The Romanoffs Episode Four Expectation stars Amanda Peet, Diane Lane, John Tenney and Mary Kay Place. A pregnant young woman and her mother, a Romanoff, spar over lifestyle choices over lunch at Bergdorf’s in NY. She’s not getting along with her husband but still meets with her longtime lover played by John Slattery who wrote a book on the Romanoffs that’s now shooting in Europe as a TV series. The mother and daughter are privileged, spoiled, self-centred and unlikable, as the grandmother says “the line continues” even as the family carries out its “noblesse oblige” duties.

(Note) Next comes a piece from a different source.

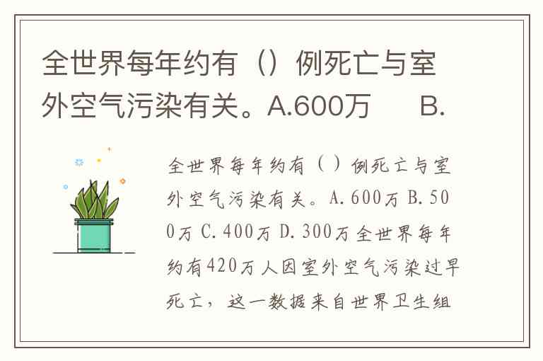 全世界每年约有()例死亡与室外空气污染有关。A.600万 B.500万 C.400万 D.300万

The Romanoffs Episode Five Bright and High Circle also stars Diane Lane with Ron Livingstone as a wealthy and influential coupe in Los Angeles. She teaches Russian literature and fired her maid for breaking a piece of china from her great -great –great grandmothers Royal Russian tea service. There may be a pedophile in their midst; a popular piano teacher is under investigation by local police. Lane’s character is questioned as all three of her sons studied with the man. Police ask her to keep their conversation to herself but she spills to five people within a day or so. He comforts her when she feels pangs of guilt for living in their gorgeous Frank Lloyd Wright home, as though she doesn’t deserve it. Complicated psychological issues arise like her fantasy that he told her that his entire family was murdered in the Russian revolution and she answered that hers was too. She feels protective of him as the walls close in. After all, her family knows that bearing false witness can ruin lives.

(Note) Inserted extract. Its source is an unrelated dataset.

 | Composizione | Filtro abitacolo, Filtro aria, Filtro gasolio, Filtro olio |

Escape from Dannemora the true eight episode crime series directed by Ben Stiller tells the sad story of Tillie Mitchell a prison employee who helped Richard Matt and David Sweat, both serving life sentences for particularly brutal murders escape custody. Mitchell allegedly had intimate relations with both men and brought them gifts, and eventually the tools they used to “go over the wall”. The stranger than fiction episode embarrassed prison and state officials, as it uncovered extreme negligence that allowed the men to use power tools under the prison over a six month period and go unmarked in 400 headcounts. Matt and Sweat eluded capture for three weeks, costing the state $23 M. Patricia Arquette is unrecognizable as Mitchell, a married woman with low intelligence and self-esteem, who was enthralled by the bad boys. Paul Dano and Benicio Del Toro play Sweat and Matt who also formed a close jailhouse attachment. Great true life tale and Arquette is a marvel, but I found it super creepy and dark and clocked out early. Sundays on Crave.
Are you watching Monica Lewinsky’s documentary limited series The Clinton Affair on A&E? Twenty years on, the former Clinton White House intern spills details of her two year long affair with President Clinton that rocked the world and ended with his impeachment. Episode two airs Sunday night.